There are no more than 30 *DCI*() invokes for said client in total.
Thresholds boil down to very basic diff(), last() and average() calls.
These DCIs and their threshold events do not trigger any further scripts.

---

Multiple other nodes under very similar circumstances ( they inherit from the
same DCI templates or more, and are being pushed to at the same frequency ) on
the very same server instance are handled perfectly fine.  We are talking ~5
afflicted and 50 unaffected nodes.

Here is a quick plot I did for navigating/cross-referencing netxmsd's logs for
hangs in my last post.
I added the data of an unaffected node ( taken briefly after ) comparing the
time nxpush took for a set of attempts to an affected nodes behaviour.
https://i.imgur.com/CUrEvin.png

Am I off track for assuming there should be an external variable connecting the affected nodes?


Kind regards,

  Florian

Filipp Sudanov

Let's try to exclude the option that transformation scripts get randomly delayed.
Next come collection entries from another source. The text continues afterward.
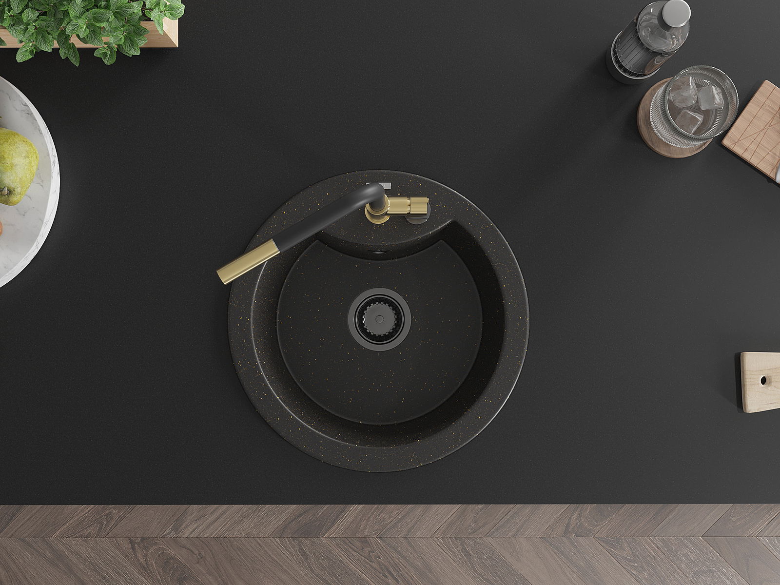 Mexen Diego 1-bowl granite sink with Flora kitchen tap, black/gold metallic - 6512-75-670401-57-B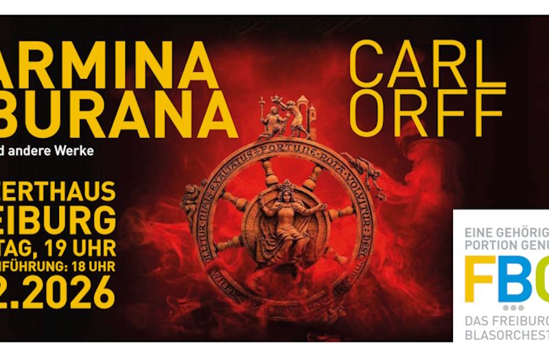 With "Carmina Burana", the Freiburg Wind Orchestra is once again realizing a special project in the Konzerthaus (concert hall) Freiburg. Together with the Freiburg University Choir and the lower school choir of the St. Sebastian College in Stegen, the orchestra unleashes Carl Orff's work of the century. Anyone thinking of timpani and rattles will be surprised! Orff set medieval poems to music, some of which are tongue-in-cheek and quite pithy. The soloist parts are performed by Alice Fuder, Malte Kebschull and Eduard Wagner.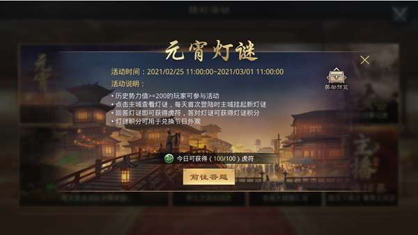 2月25日11点-3月1日11点期间,每位玩家的主城上都会挂起元宵灯笼,每盏灯笼上都有精心设计的灯谜,玩家只要登录游戏,且满足历史势力值大于200的条件,即可通过点击包括自己在内的玩家主城灯笼答题参与活动。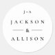Un pegatina boda simple y clásico con nombres de monograma y parejas. Perfecto para uso en sobres de invitación a boda o favores de fiesta.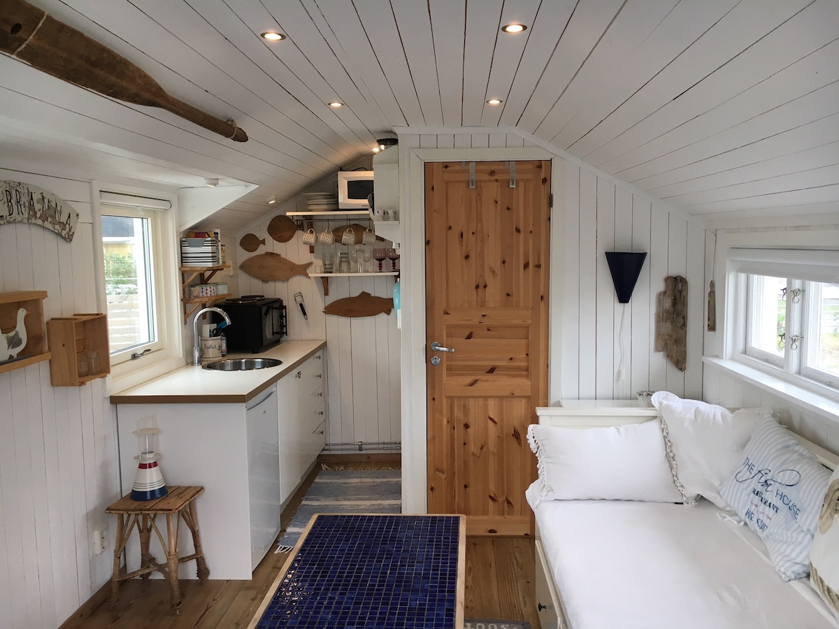 ¡Bienvenido a nuestro pequeño paraíso! En la esquina de nuestro jardín tenemos una casa que alquilamos. Se encuentra cerca del mar y de la playa en el antiguo pueblo pesquero de Träslövsläge. Si quieres alquilar esta casa por una semana o más a partir de septiembre, ¡envíame una solicitud de descuento! Esta pequeña casa (23 metros cuadrados) tiene su propio patio acogedor sobre la hierba debajo del manzano. Cerca de autobuses, restaurante, heladería y la playa (0,5 km). 6 km del centro de Varberg.

Try wrapping transformation scripts in something like
trace(0, $object->id . ":" . $dci->id . " tranformation script start");
...
trace(0, $object->id . ":" . $dci->id . " tranformation script end");


first parameter of trace() defines the log level. This way you should get some stats on the actual duration of the transformation scripts.